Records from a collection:

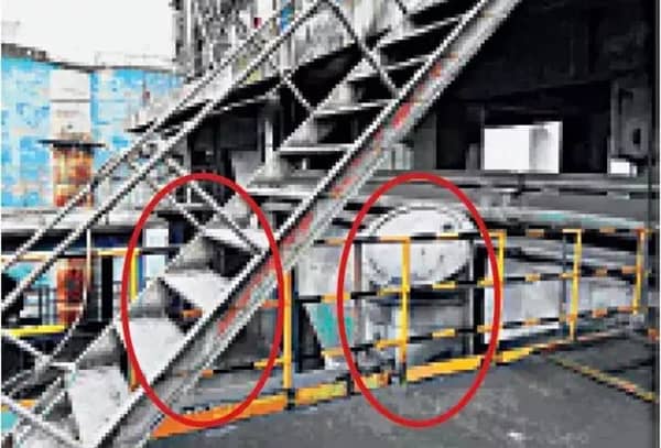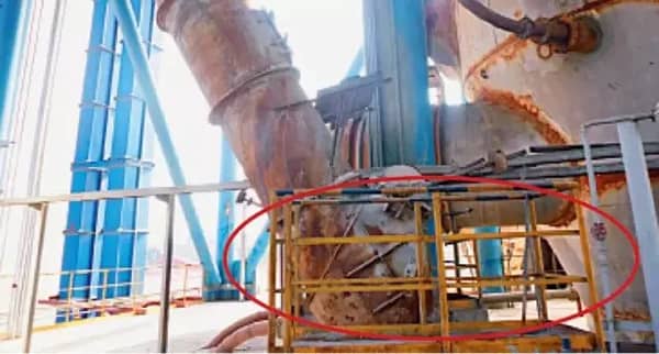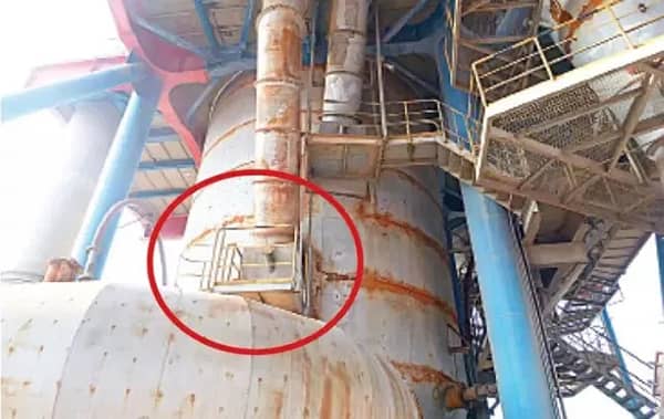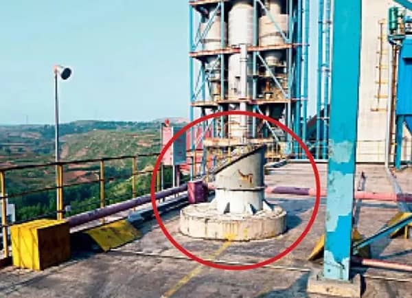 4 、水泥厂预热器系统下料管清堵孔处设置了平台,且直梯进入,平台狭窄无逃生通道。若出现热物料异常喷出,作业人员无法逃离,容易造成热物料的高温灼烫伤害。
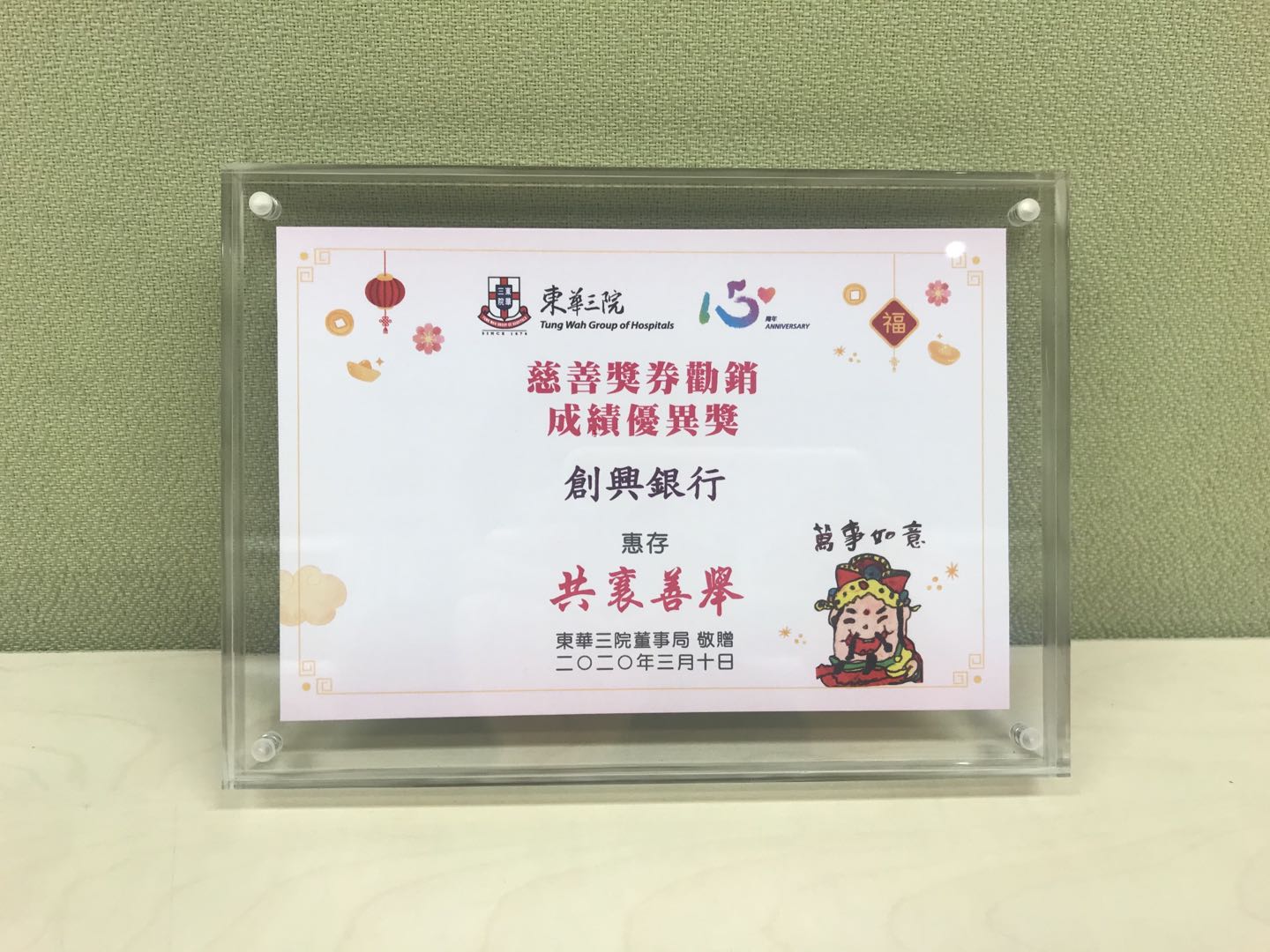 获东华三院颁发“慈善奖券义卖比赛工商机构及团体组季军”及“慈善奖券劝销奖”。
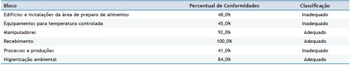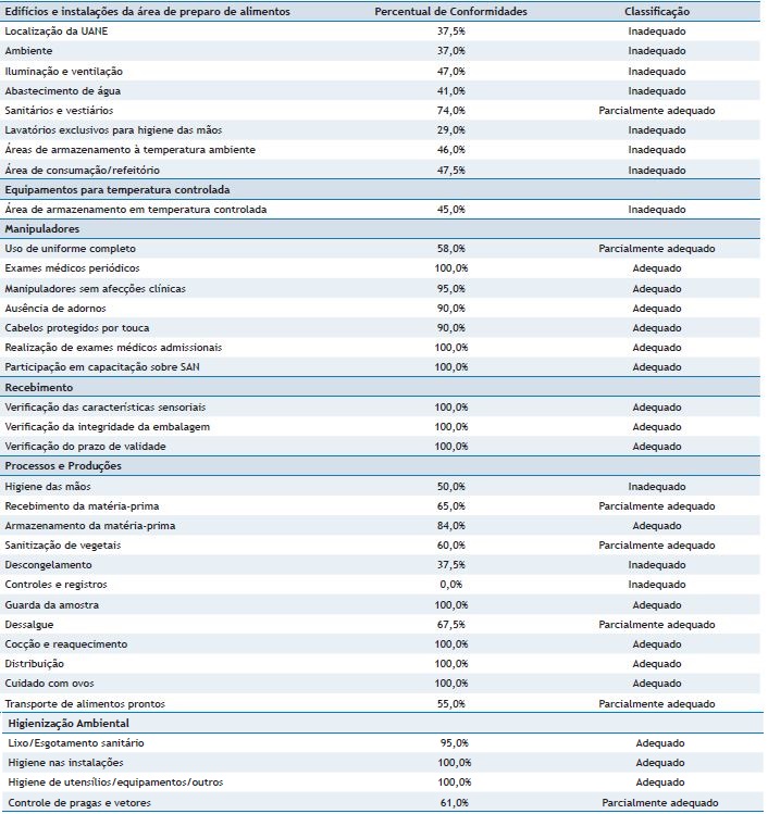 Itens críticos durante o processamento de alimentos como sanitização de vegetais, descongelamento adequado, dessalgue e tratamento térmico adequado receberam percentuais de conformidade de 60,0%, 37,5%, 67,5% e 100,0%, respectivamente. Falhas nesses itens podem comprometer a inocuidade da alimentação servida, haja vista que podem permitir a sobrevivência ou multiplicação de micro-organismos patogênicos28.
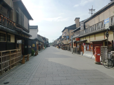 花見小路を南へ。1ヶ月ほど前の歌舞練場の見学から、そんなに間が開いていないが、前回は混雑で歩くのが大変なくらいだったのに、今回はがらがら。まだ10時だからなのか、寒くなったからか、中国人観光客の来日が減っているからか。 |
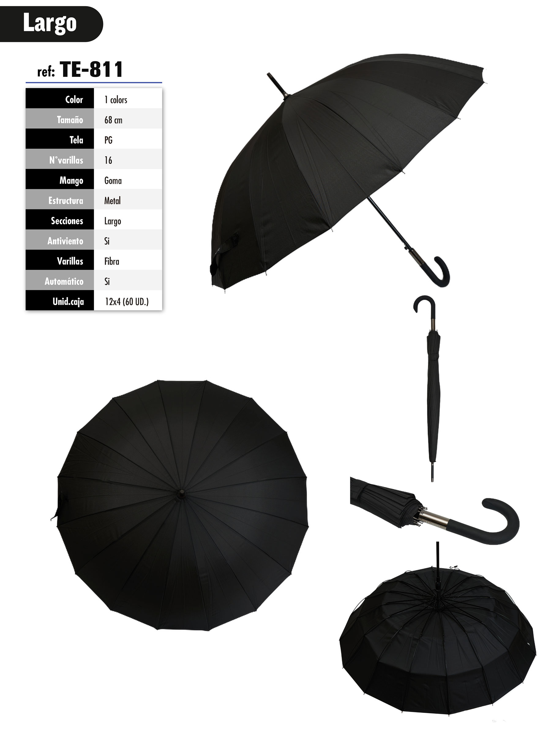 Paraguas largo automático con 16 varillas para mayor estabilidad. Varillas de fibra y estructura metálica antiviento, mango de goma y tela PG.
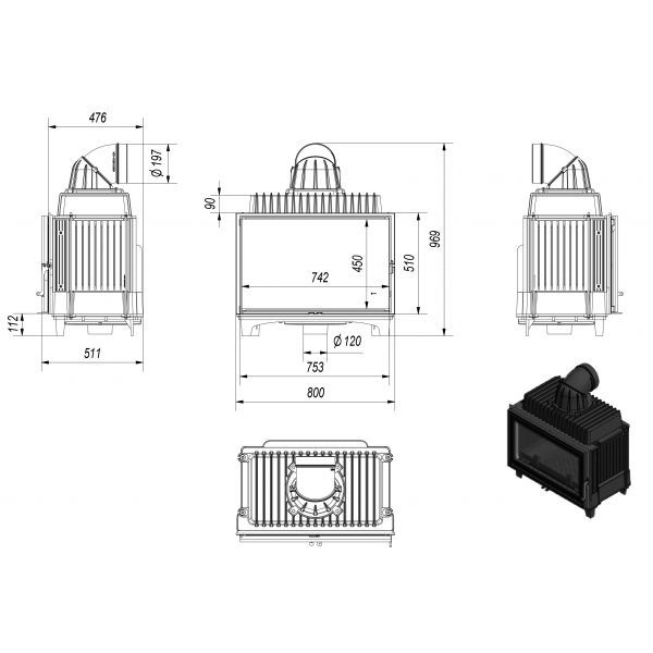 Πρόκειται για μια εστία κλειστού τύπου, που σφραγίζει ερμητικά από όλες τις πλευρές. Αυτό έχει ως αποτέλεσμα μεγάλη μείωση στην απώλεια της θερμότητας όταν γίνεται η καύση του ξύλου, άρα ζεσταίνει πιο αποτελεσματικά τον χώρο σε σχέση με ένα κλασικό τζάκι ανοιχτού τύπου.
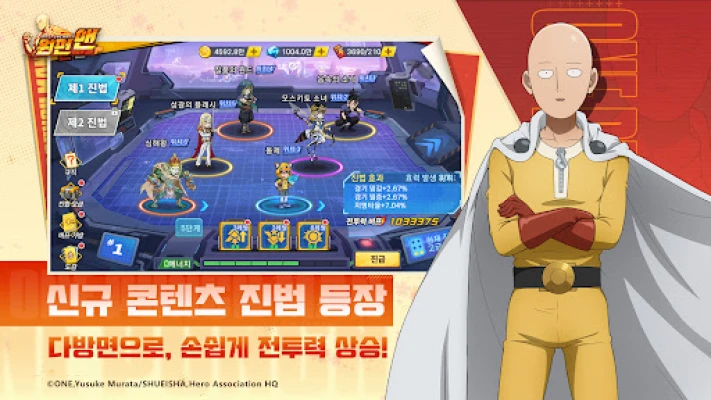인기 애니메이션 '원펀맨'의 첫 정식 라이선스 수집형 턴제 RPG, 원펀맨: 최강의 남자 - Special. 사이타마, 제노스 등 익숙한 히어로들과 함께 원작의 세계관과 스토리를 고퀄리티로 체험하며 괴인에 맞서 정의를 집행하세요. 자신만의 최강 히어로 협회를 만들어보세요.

Description of the task
Both the line above containing "Paraguas largo automático" and the line containing "Πρόκειται για μια" belong in the copy, along with every line between them; print these exactly and omit the pictures.

Solution below
 Paraguas largo automático con 16 varillas para mayor estabilidad. Varillas de fibra y estructura metálica antiviento, mango de goma y tela PG.
 Πρόκειται για μια εστία κλειστού τύπου, που σφραγίζει ερμητικά από όλες τις πλευρές. Αυτό έχει ως αποτέλεσμα μεγάλη μείωση στην απώλεια της θερμότητας όταν γίνεται η καύση του ξύλου, άρα ζεσταίνει πιο αποτελεσματικά τον χώρο σε σχέση με ένα κλασικό τζάκι ανοιχτού τύπου.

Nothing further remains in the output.